So intensity’s a major factor. For the third factor, so what happened to these is cost. End of the day, it’s the cost that matters, and because of the intensity these things are inexpensive compared to everything else we’re trying to do, but the question that comes in: do these collide? Of course they do because CO2 emissions is the problem then. On this side I have given you relative emission numbers I took from the intergovernmental --this climate change paper the per part values, these are ton CO2 part energy -- energy, oil, gas, and coal. Because I’m going to focus on that because you look at the gas, CO2 emissions, no question about that. That is much lower 80 percent lower than coal, but 40 percent lower than oil; so if there’s anything that makes sense, it’s the gas that makes sense in the fossil fuels. And you know what? There’s a reason for that, why this is slow, and for that we actually have scientific basis, hydrogen-carbon ratio. Methane is primary component of the natural gas, therefore it has, for example, CH4, there are four hydrogen per carbon in methane compared to oil which is about two, and coal -- I actually was being nice to coal actually is about 0.6. It’s less than what I put in, but actually more -- it’s less than 0.6. So therefore, all the problems of emissions that you see associated with these fuels is based on that, and I actually believe even go as far as to say, that probably if you took everything even renewables this point, natural gas does make sense because the way it burns and the amount of emissions that come out.

Okay, so that was my very fundamental energy basics that I want to talk about. Now I’m going to get to oil and gas. Oil; oil is not simple oil, oil is not gasoline, oil is a very complex molecule. Why? You get this oil off the ground, put through refinery, very sophisticated refinery, and you get all these products out of this one barrel of oil. What are these? Gasoline for the cars. Jet fuel for the planes. Diesel for the trucks and everything else that go with. If you take all these fuels out of this, fractions that come out, they are actually are close to 75 to 82 percent, and by the way, you can depend on, for example, European refineries are more geared towards making diesel fraction more than compared to U.S. which makes more gasoline because of our needs, because we use more gasoline than diesel, Europe is opposite. So look at transportation factor in this oil; of course about transportation fuels are the principal components of this. Of course this goes with heating, home heating and so on and so forth, the rest of the stuff.

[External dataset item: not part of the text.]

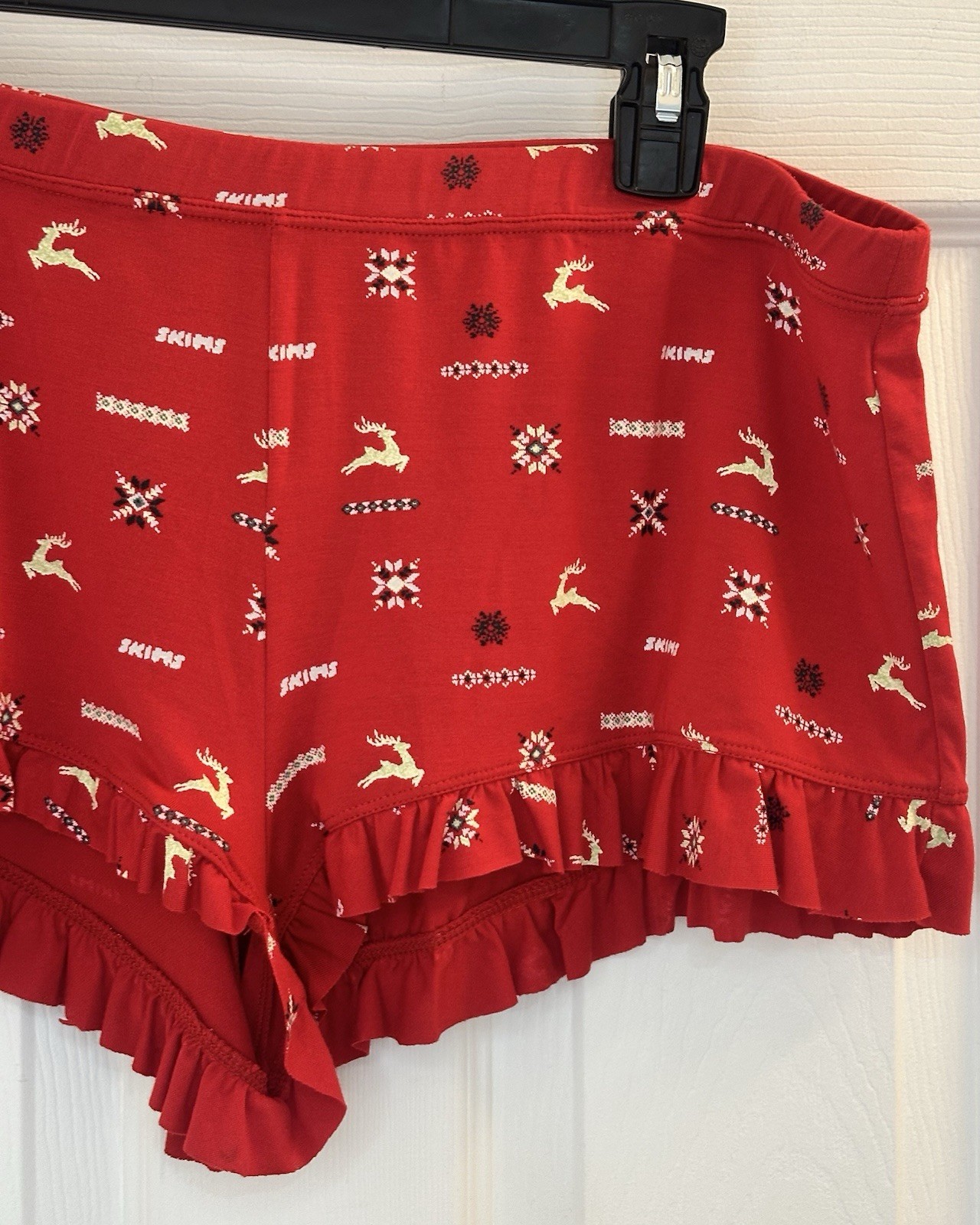 Skims Soft Lounge Sleep Shorts In Cranberry Vintage Deer Print Size Large

So this is my very involved picture here, U.S. energy consumption: petroleum, natural gas, coal, renewables, and nuclear. This is our mix right here. Petroleum is at 37 percent. What is the end use for these transportation industry, that is just commercial electric power. Notice something, electric power is huge and most of, actually a lot of natural gas goes into that. Coal is primary, 92 percent goes into that. But I’m going to actually talk about right here the transportation sector because I think that’s where one of the issues is that need to be addressed. If we’re going to have gas making to that transportation center. So, but look at the numbers. So 71 percent, what about natural gas? It’s only 3 percent right now going in into the transportation sector.

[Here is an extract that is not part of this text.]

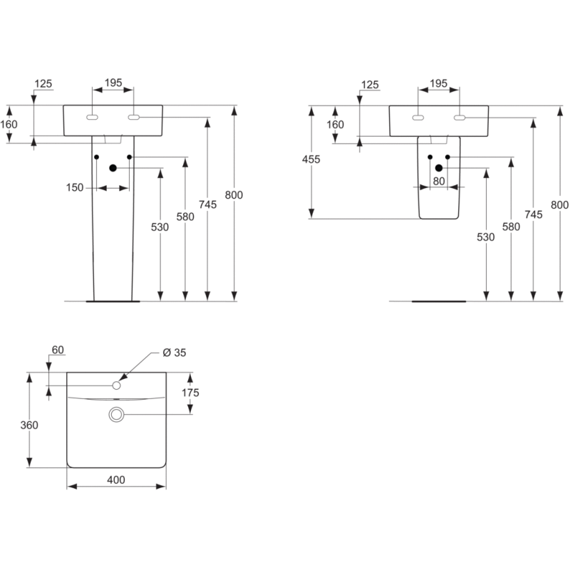 Praustuvas, Įvairių matmenų, Baltos spalvos, Iš keramikos, Su persipylimu, Su skyle maišytuvui, IdealPlus paviršiaus danga, Montuojamas ant pagrindo

Okay, so I’m going to move on the natural gas. This is where all the fun has started for the last few years; global supplies; about 808 TCM, and by the time this number put up I think it has already increased, because we are finding gas everywhere. Everybody’s finding gas everywhere. About 250 year’s worth. That’s the estimate right now. It will last for a long time compared to coal which is about 100 years, and oil; they keep finding oil too; but right now say about 50 years. So question is, will natural gas replace oil and in what shape or form? Can it provide the energy security for the U.S. obviously because --this slide is a very interesting slide. So this slide, I’m going to just go back here this scale here, represents right here how many TCF I get really confused sometimes because most of the EIA, which is the U.S. reporting agency, we still talk about TCF trillion cubic feet whereas everybody else talks with BCM. All the reports are billion cubic meters. So our TCM trillion cubic meters, or metric units, but anyways. Relative numbers; interesting picture.

This is a picture about two years ago, 2010 picture. Before that, just imagine if we took that out, only leave the blues. If I just leave the blues that the conventional gas, U.S. very poor in conventional gas compared to rest. So are everybody else, but all of a sudden, if add on this top nice colors here, this red and green; this is the tight gas, and coalbed methane which is CBM, and the shale gas together is called unconventional gas. If you add that up on this; on top of this, what you have are totally different picture at this point. In fact, although you have to admit; this is Russia, former Soviet Union FSU, Middle East, they still come out pretty good even with these put together. Although Canada and U.S. I mean, their numbers are pretty high at this point in terms of the supply.

Now, I have shown these numbers on this, but in terms of production, is the U.S. right at home that is leading the revolution in this case. In the last couple of years, it has come to a point where we are going to become net exporter of natural gas from a lot of net importers a couple of years ago. So, this is what I want to call is a supply of plentiful gas, and what has that done to the price compared to oil? This is a really interesting graph. Just to give you an idea, natural gas and oil prices you got to multiply the price of natural gas million BTU by a factor of six to make them equal energy equivalent, okay? But after that is all cheap gas. Therefore, look at what has happened since 1994 to 2012. Normally, if you look at this except for these two spikes here, where the natural gas prices spiked up because of the shortage, normally it has historically -- it tracks pretty well about minus 20 percent range or so in this range here. Look what has happened since -- especially after 2006. Look at the price. In fact this price here is today’s price which is less than $2.00 million BTU and that puts natural gas to about $12 million BTU equivalent -- sorry, no, $12 a barrel oil equivalent. Huge difference in oil and gas prices.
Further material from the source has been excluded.